— Что-нибудь удалось выяснить? — спрашиваю я.
— С достаточной степенью определенности можно утверждать, что гореть начало в сточной канаве, между навесом и кухонным окном. Оттуда пламя, по всем признакам, распространилось на клеть для хранения мяса. Что касается причины как таковой, то никаких особых приспособлений мы не обнаружили, но нашли остатки бутыли с фосфором.
Полученная информация медленно просачивается в мой мозг.
— Поджог, — говорю я, кивая.
— Весьма вероятно. Конечно, нам пока неизвестно, связано ли это с Шарлем.
И тут, впервые на моей памяти, он не выдерживает моего взгляда. Принимается подчеркнуто усердно стряхивать с тульи шляпы несуществующие пылинки.
— Помните, что Месье приказал Гербо? — Я откидываюсь на спинку стула. — «Не убивай их, — сказал он. — Просто напугай, чтобы они убрались».
— Я помню.
— Тогда для чего им сжигать нас заживо? Целый дом, набитый людьми, ради одного человека…
Видок пожимает плечами.
— Из того, что ты заставил экипаж катиться, вовсе не следует, что ты сумеешь его остановить.
— И что это означает?
— Что Месье, возможно, уже не властен над собой. И над остальными тоже.
Видок выливает остатки вина мне в стакан.
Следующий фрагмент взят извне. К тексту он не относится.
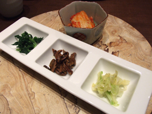 ホウレンソウ、ゼンマイ、キャベツを使った3種類のナムルと、

С выражением сожаления наблюдает, как вытекает последняя капля.
— Где вы с Шарлем собираетесь остановиться, Эктор?
Хороший вопрос. Папаша Время нашел пристанище у друзей, на улице Грасуаз. Шарлотта вернулась в собственную семью, пополнив многочисленную армию обитателей дома сестры на дороге Ленуа. Вплоть до этого момента я не задавался вопросом, куда пойду сам.
— Какое-то место должно найтись, — говорю я.
— Уже нашлось, — отвечает Видок.
В двух шагах от Нотр-Дама, не далее чем в квартале от реки, за углом от Сен-Мишель… и все же вы вполне можете пройти мимо улицы Ирондель и не заметить ее. Именно это и нравится Видоку. Лишь немногие из его знакомых посещают этот дом на узкой, мощенной булыжником улице. Даже подчиненные Видока здесь не бывают. Поэтому я не без трепета подхожу к внушительному парадному входу дома номер 111.
Шарлю подобные эмоции чужды. Он сразу же устремляется по мраморной лестнице наверх.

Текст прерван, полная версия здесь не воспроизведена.